Here’s an important question that comes up way less frequently than it should.

“What is the difference between a good brand experience and a good customer experience?”

Answer: There is absolutely no difference between a good brand experience and a good customer experience. Period. Your customer experience is your brand experience.

Thinking that there is a difference has resulted in a serious problem — an internet of unusable and frustrating-to-the-customer websites.

If your brand’s site isn’t organized around your customers goals, the site is leaving multiple salaries worth of revenue on the table. If your primary concern as a brand manager is “telling the brand story”, you’re buying into the idea that your brand’s website has a job other than supporting its customers online. That mindset only contributes to the problem.

You could be doing what you consider to be the best brand storytelling possible: flooding your brand site with the coolest graphics, social media feeds, and celebrity sponsors. But when your customers pull up to your brand site and can’t get what they’re looking for quickly, the cool graphics and LeBron endorsements are just a really fancy brick wall between bouncing and converting.

Rather than going to great lengths to create a brand experience, your main concern should be listening to the stories of the experiences your customers are actually having with your brand online.

Success online is not about effectively helping customers get the brand messages you want them to understand.

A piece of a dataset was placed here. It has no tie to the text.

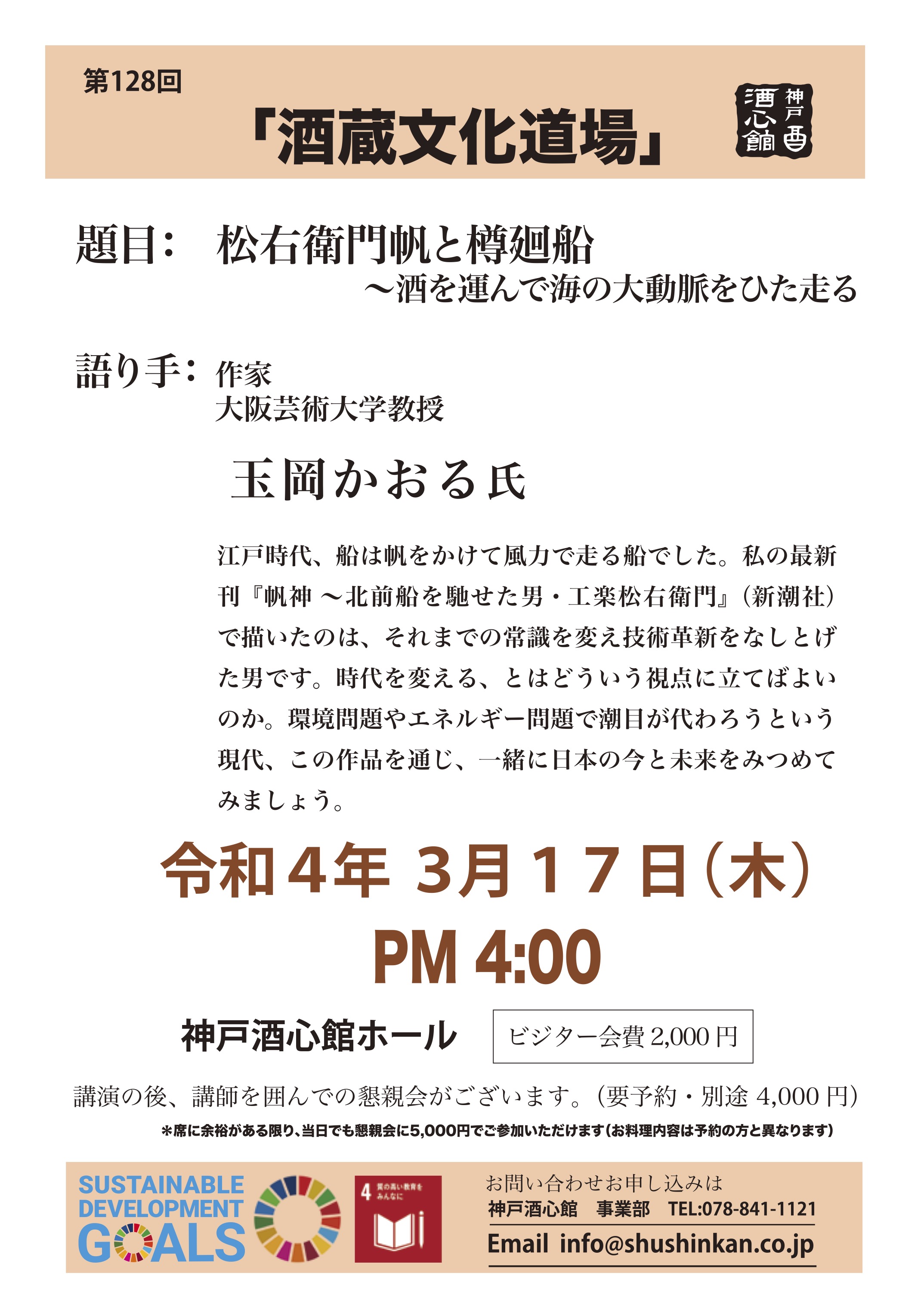 ≪酒蔵文化道場とは?≫ 第143回 酒蔵文化道場 ≪題目≫ 神戸と映画の素敵な関係 ≪語り手≫ 一般財団法人神戸観光局 神戸フィルムオフィス 課長 土屋 千佳 氏 ≪内容≫ 最近、神戸で撮影された映画やドラマを目にするこ […]

It’s about making sure you understand your customers enough to help them effectively get what they want from your brand.

If your brand’s CEO asked, could you answer these questions?

  • What are the top 3 reasons customers visit our site?
  • What are our top 5 products by revenue?
  • What are our top 5 products by volume?
  • What are the top 5 customer searches on our site?
  • What is the first name of someone on our customer service team?

If you can’t answer all of the above, right now, you’re wasting money driving people to a site that doesn’t convert anywhere near the level it could be converting.

There is no difference between creating a great customer experience and creating a great brand experience. If you give your customers anything other than a simple, usable, and helpful experience on your brand site, the only story you’ll be telling is why you didn’t hit your sales numbers.

Help your customers succeed, give them a site that works for them.